What is the fastest Python PDF library?

PDF Oxide is the fastest Python PDF library, with 0.8ms mean text extraction time — 5.8× faster than PyMuPDF (4.6ms) and 15× faster than pypdf (12.1ms). Benchmarked on 3,830 real-world PDFs with 100% pass rate.

Is PDF Oxide free for commercial use?

Yes. PDF Oxide is MIT licensed — free for all uses including commercial products, SaaS, and proprietary software. No license fees, no sales calls, no AGPL restrictions.

Can PDF Oxide handle scanned PDFs with OCR?

Yes. PDF Oxide includes built-in OCR via PaddleOCR and ONNX Runtime. No Tesseract installation needed — just pip install pdf_oxide and use extract_text_ocr(). Supports PP-OCRv3, v4, and v5 models.

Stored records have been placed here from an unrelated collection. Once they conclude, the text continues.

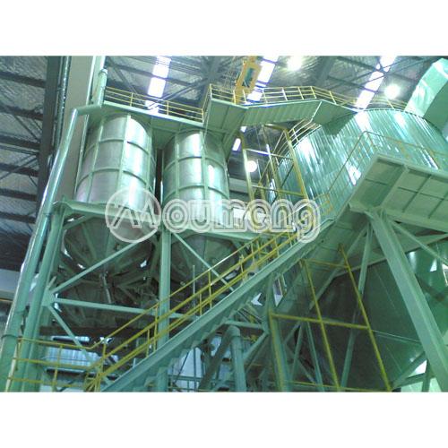 除塵系統(tǒng)由高效旋風(fēng)分離器、布袋除塵器、離心風(fēng)機等組成。抽風(fēng)機將較細(xì)的顆粒料與干燥空氣一起送入高效旋風(fēng)分離器。經(jīng)過有效分離,較細(xì)顆粒料進入分離器底部的收集筒回收,所剩的含有極少量微細(xì)顆粒料的廢氣由離心風(fēng)機吸入布袋除塵器經(jīng)過再次除塵收集,實現(xiàn)了廢氣的無害化處理,最后的廢氣從煙囪排出。
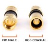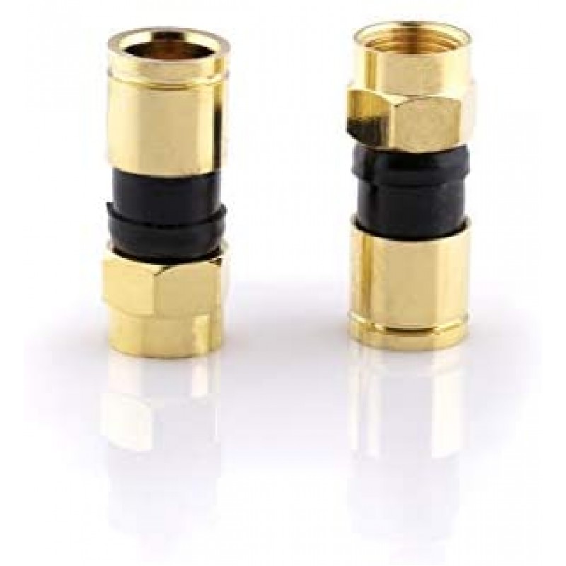Ebeestock, A Family Company located in the USA, is proud to offer these high quality and durable coaxial compression connectors, also known as coax fittings. Compression F81 Connectors, using the F-Pin connection (standard on US Cable systems). Compression Connectors are superior to Crimp and Twist, as they create a waterproof seal at the rear of the connector (the jacket side), and allow a uniform 360 degree connection that keeps the connector on, and the signal tight. Rated from 2MHz 3GHz, this ensures that the coupler will handle all of the signals for DIRECTV, Satellite Dish, other Satellite, CATV (including Comcast, Charter, Cox, and more), as well as Antennas, VCRs, Cable Internet Modems, and other digital and analog systems. These will pass signal for 75Ohm coax wires. The connector works with most RG6 Coax, including Dual Shield, Tri Shield, and Quad Shield. Exceptional return loss and insertion loss specifications. Shielding effectiveness is greater than -90dB. Tests Passed: SCTE-103-2004 (DC Contact Resistance); ANSI/SCTE 60-2004 (Moisture Migration Test); ASTM-B117-03 (Salt Spray Test); ANSI/SCTE-99-2004 (Axial Pull Test); SCTE-98-2004 (Tightening Torque); SCTE-73-2002 (Coaxial Insertion Force); SCTE-48-3-2004 (Shielding Effectiveness); ANSI/SCTE-04-1997 (F Connector Return Loss); SBCA Standards of Physical Dimension Tolerance; and GR-1503-Core, Issue 1, March 1995 (UV Degradation). Connector works with all 21mm "closed" gap tool. We back our product 100%, with easy returns, as well as free technical and customer support.
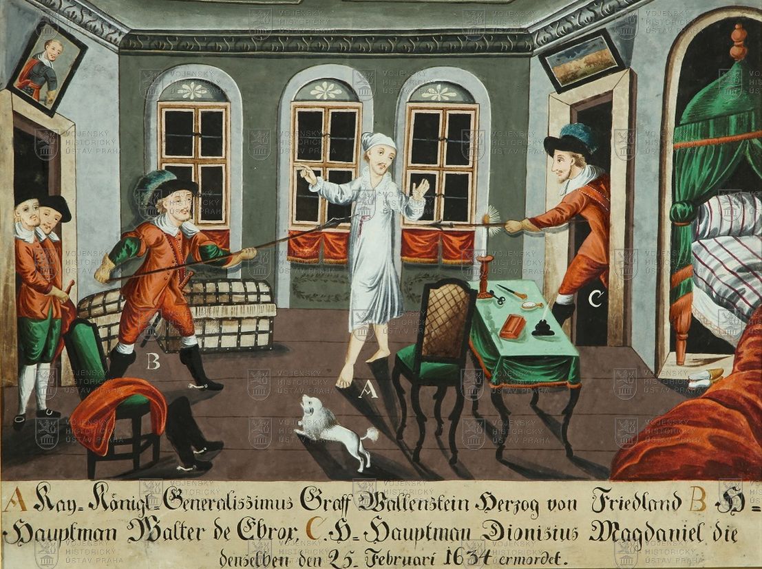 Kopie podle olejomalby Johana Josefa Maxmiliána Hoffreuthera z roku 1736 zobrazuje scénu z osudného večera dne 25. února 1634 v Chebu. Tři hlavní aktéři spiknutí proti Valdštejnovi Walter Butler, Jan Gordon a Walter Leslie vtrhli se skupinou dragounů při masopustní hostině nejprve na starý štaufský chebský hrad. Všichni čtyři Valdštejnovi přívrženci Adam Trčka, Vilém Kinský, Kristián von Ilow a sekretář Jindřich Neumann byli zabiti. Pouze jednomu ze služebníků se podařilo náhodou uniknout. Ten prchal k náměstí, aby oznámil manželkám zavražděných, co se přihodilo.
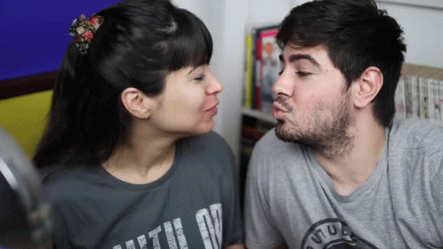 Sandra Landeiro and Sangerine share a sweet kiss, showing affection as a cute couple.
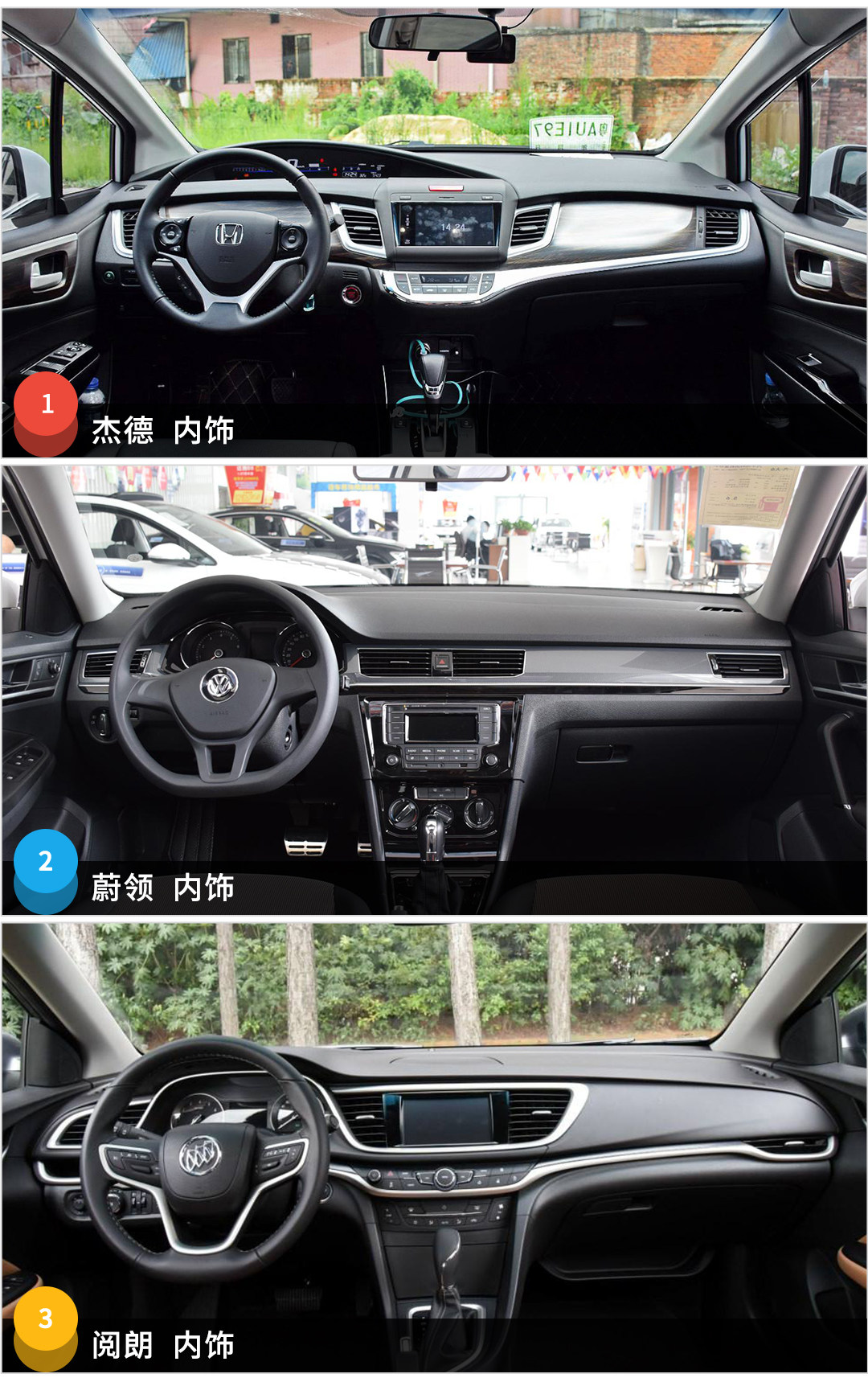 杰德除了老款的1.8L自然吸气发动机以外,还增加了一款1.5T车型,也是2017款杰德的主销车型,最大马力156Ps,最大扭矩203N*m,与之配合的是CVT变速箱。D挡模式下,起步的时候油门响应缓慢,速度提上来以后感觉还好,厂家宣称减震器阻尼相比老款要小,所以舒适性会更好一些。蔚领全系使用1.5L和1.4T两款发动机,配合5MT,6AT或7速双离合变速箱。最大马力110Ps/132Ps,最大扭矩150N*m/225N*m,双离合变速箱在刚起步的时候离合结合会稍慢。阅朗全系使用3缸发动机,排量有所区别,1.0T发动机最大马力125Ps,最大扭矩170N*m,1.3T发动机最大马力163Ps,最大扭矩230N*m,除了最低配车型以外其余都匹配6AT变速箱或6DCT变速箱,在怠速的时候可能3缸发动机抖动明显,但是开起来以后与四缸机无异,动力输出平顺,并且马力更大,会比蔚领更加好,不过变速箱的表现则不尽人意。
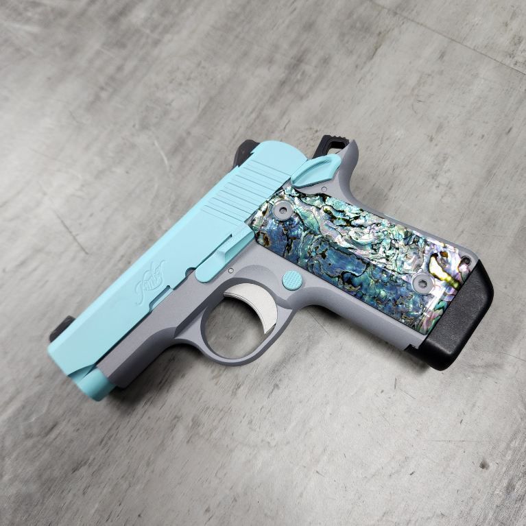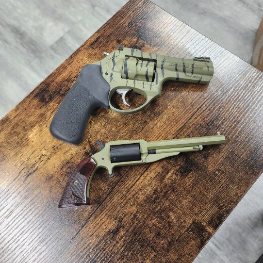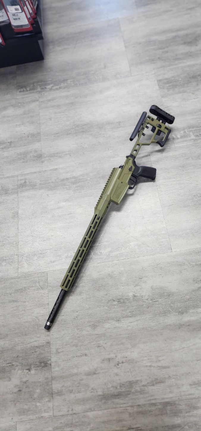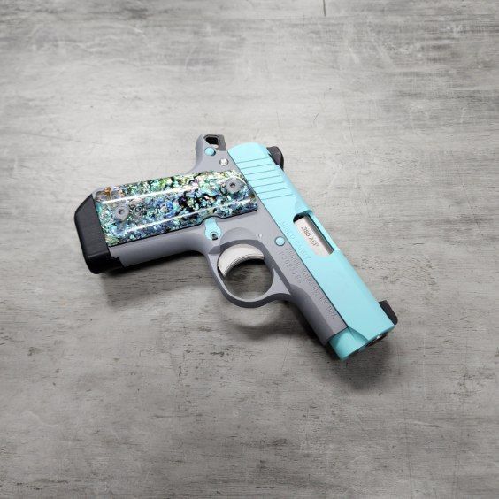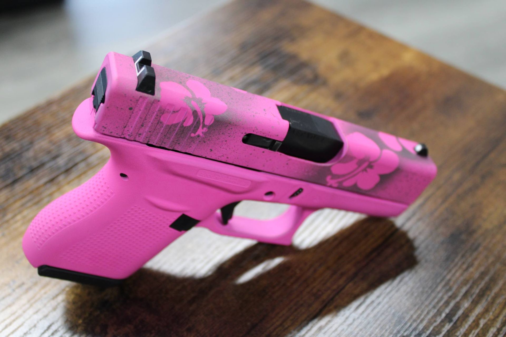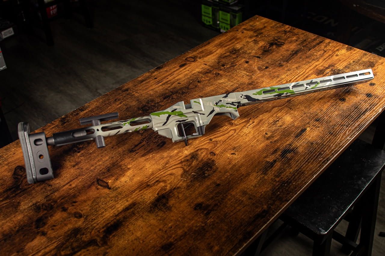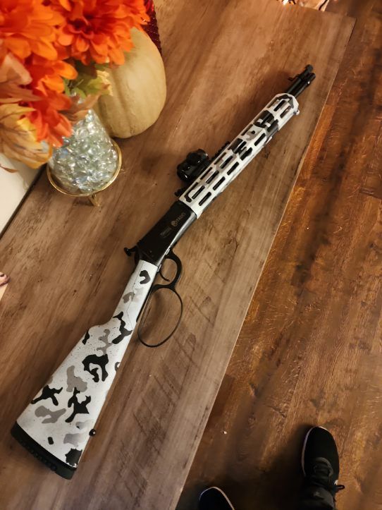 Custom-painted rifle with scope. Olive green base with splattered pink, yellow, and black design; indoor setting.
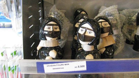 Gleichzeitig interessant und politisch brisant fanden wir die Wackeldackel-Püppchen in Flughafen-Shop, Frauen mit einer Burka.
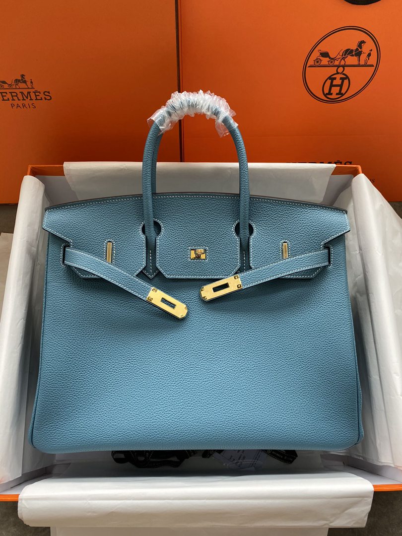 Hermes Birkin 25 30 35 Togo Handbag in Bleu Jean
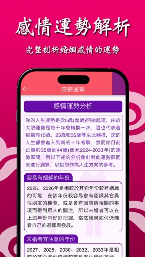 針對感情運勢做更細膩的解說,難道感情對待只能從「夫妻宮」來看嗎?在本服務中會分析您先天的感情觀、還有情侶最想知道的「給你伴侶看的秘密」單元,在這單元中將會解密您的伴侶心中所在乎或在意的點,透過了解彼此心中所在乎的有助於雙方的溝通,此外本服務也提供感情運勢的分析,針對「容易有姻緣的年份」讓你可以知道在哪一年份應該要好好把握哦!
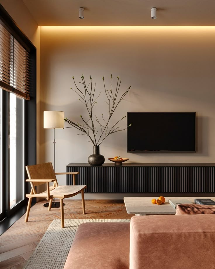 - Недостаток света: если ваша гостиная ориентирована на север или находится в тени, выбирайте светлые и теплые оттенки, такие как песочный, молочный или персиковый, чтобы добавить тепла и света в пространство.
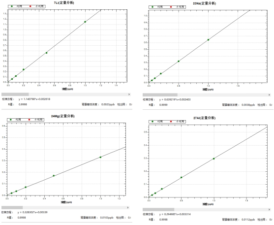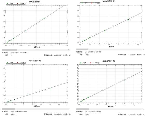 冷焰形式下,绘制各元素0,0.05,0.1,0.2,0.5,1.0μg/L系列浓度标液任务曲线,39K、40Ca、56Fe同等位素的线性相干系数r均大于0.999,背景等效浓度为0.0023μg/L~0.0217μg/L。
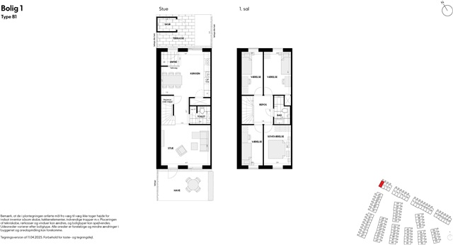 Newly built terraced house with garden to the south-west Well laid out end terraced house on 2 levels with parking - and charging stations - right outside the door. From the entrance terrace in front of the house, you step into the wind trap, which is directly connected to the heart of the home, the kitchen-dining room. The ground floor also contains a toilet and a cozy living room with access to the garden, which with its location to the south-west gives you many hours of sunshine. On the first floor you will find the bathroom and four good bedrooms - two of them with extra high ceilings.
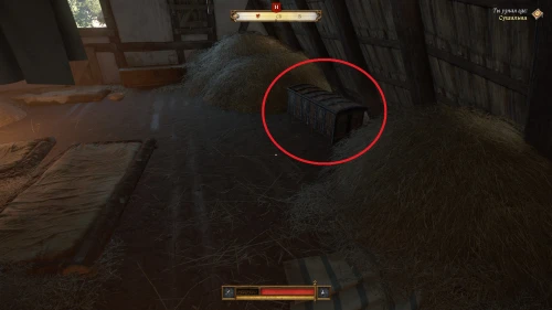 Осмотрите все доступные для изучения предметы и вскройте сундук с простым замком. Ничего подозрительного вы не найдете.
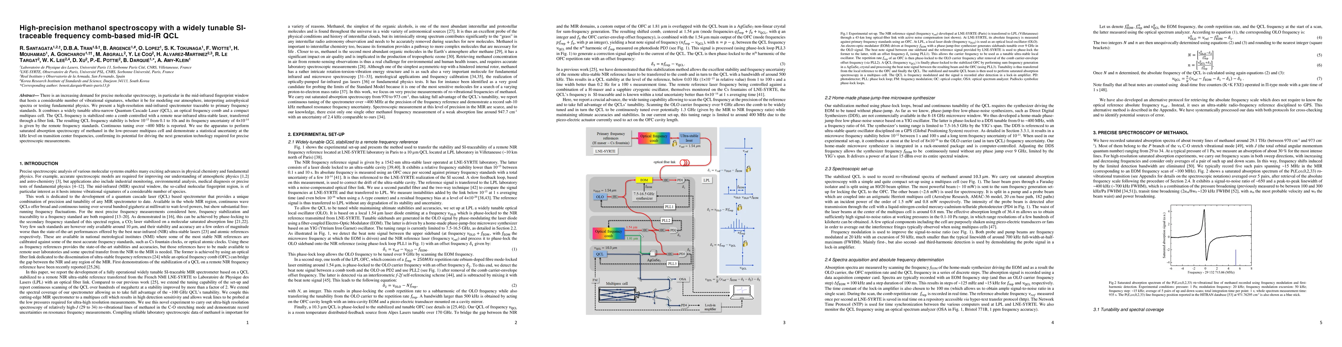 There is an increasing demand for precise molecular spectroscopy, in particular in the mid-infrared fingerprint window that hosts a considerable number of vibrational signatures, whether it be for modeling our atmosphere, interpreting astrophysical spectra or testing fundamental physics. We present a high-resolution mid-infrared spectrometer traceable to primary frequency standards. It combines a widely tunable ultra-narrow Quantum Cascade Laser (QCL), an optical frequency comb and a compact multipass cell. The QCL frequency is stabilized onto a comb controlled with a remote near-infrared ultra-stable laser, transferred through a fiber link. The resulting QCL frequency stability is below 10-15 from 0.1 to 10s and its frequency uncertainty of 4x10-14 is given by the remote frequency standards. Continuous tuning over ~400 MHz is reported. We use the apparatus to perform saturated absorption spectroscopy of methanol in the low-pressure multipass cell and demonstrate a statistical uncertainty at the kHz level on transition center frequencies, confirming its potential for driving the next generation technology required for precise spectroscopic measurements.
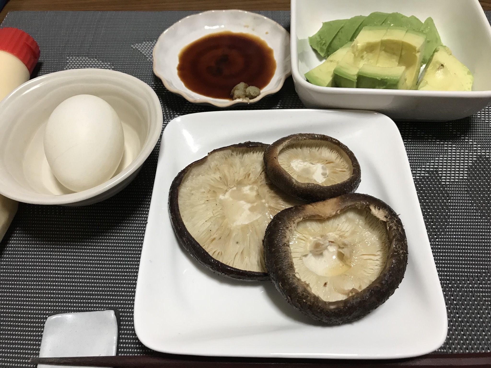 しいたけステーキと、アボカドわさび醤油、ゆで卵にしました。
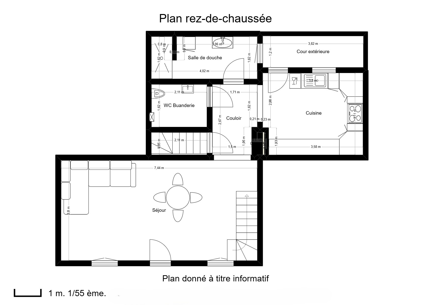 La salle de bains allie praticité et sophistication avec une douche à l’italienne et des finitions élégantes. Le rez-de-chaussée se complète par un espace WC et buanderie.
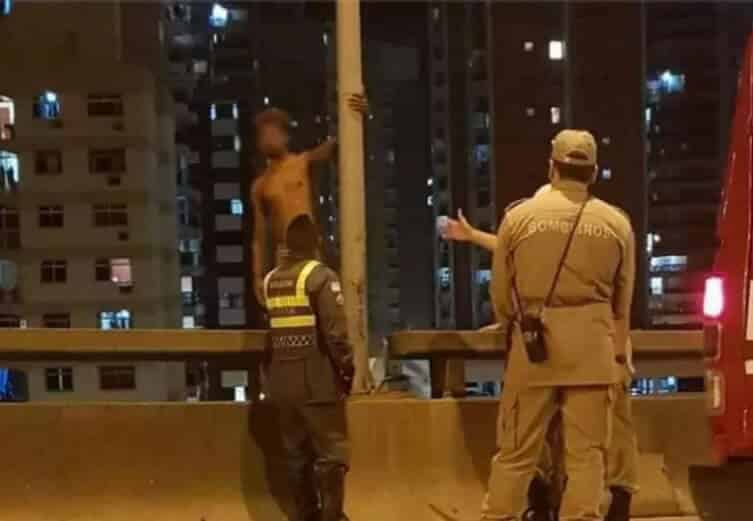 Moradores próximos soltavam fogos na direção do homem pendurado.
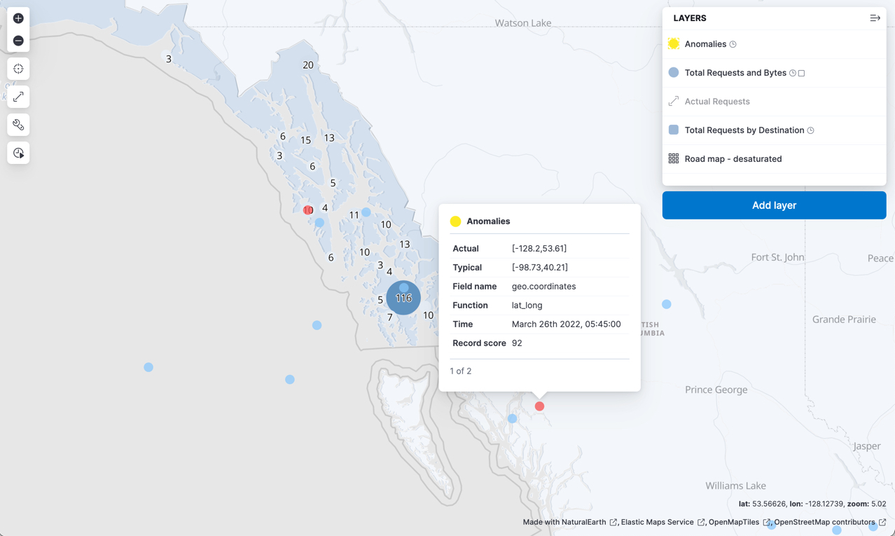 If your data includes geographic fields, you can use machine learning features to detect anomalous behavior, such as a credit card transaction that occurs in an unusual location or a web request that has an unusual source location.
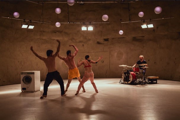 Variací na zadávání rytmu je nutnost respektovat závazné ticho. U bicí soustavy nakonec zůstává totiž jen hudebník, zatímco tanečníci rozjíždějí performanci do jakési hry na nejlepší skupinové pózy, jež hrozí každým okamžikem zhroucením, ale to je dovoleno až s úderem do činelů. Partnerem se stává i vrčící a nadskakující pračka, na níž je možné zaujmout další paletu akrobatických pozic. Nevím, zda je tu nějaká přímá souvislost, ale všeobecný názor spotřebitelů je, že pračka Tatramat a lednička Calex vydržely bez větších oprav desítky let a s výdrží dnešních spotřebičů se nedají ani srovnat. Ten výrobek je možná vlastním vrstevníkem interpretů a při všem svém proslulém tancování po koupelnách, na něž uživatelé taktéž hojně vzpomínají, prokázal extrémní houževnatost – tak jako profesionální tanečník ve svém těle.
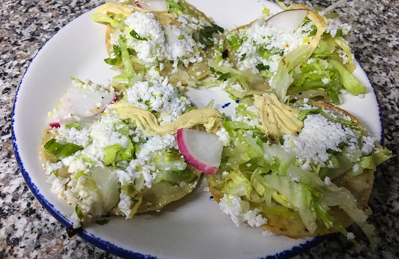 Chalupas are a popular snack food in Mexico. Though you may find different variations of the chalupa all over the country, the traditional chalupa can be found in the city of Cholula in Puebla, Mexico. Unlike the ones found at the famous fast food restaurant Taco Bell that more closely resemble tacos, the Mexican chalupa is a small thick pie of corn dough in the shape of a little boat. It's then loaded with salsa, shredded lettuce, crumbled cheese and sometimes meat.

Does PDF Oxide support XFA forms?

Yes. PDF Oxide is the only Python PDF library that can detect, analyze, and extract data from XFA forms (XML Forms Architecture). PyMuPDF, pypdf, pdfplumber, and pdfminer cannot read XFA form data.

How does PDF Oxide compare to PyMuPDF?

PDF Oxide is 5.8× faster than PyMuPDF (0.8ms vs 4.6ms mean), has a 100% pass rate vs 99.3%, and is MIT licensed vs PyMuPDF's AGPL-3.0. PDF Oxide also has built-in Markdown/HTML output and XFA form support that PyMuPDF lacks.

Can PDF Oxide convert PDF to Markdown?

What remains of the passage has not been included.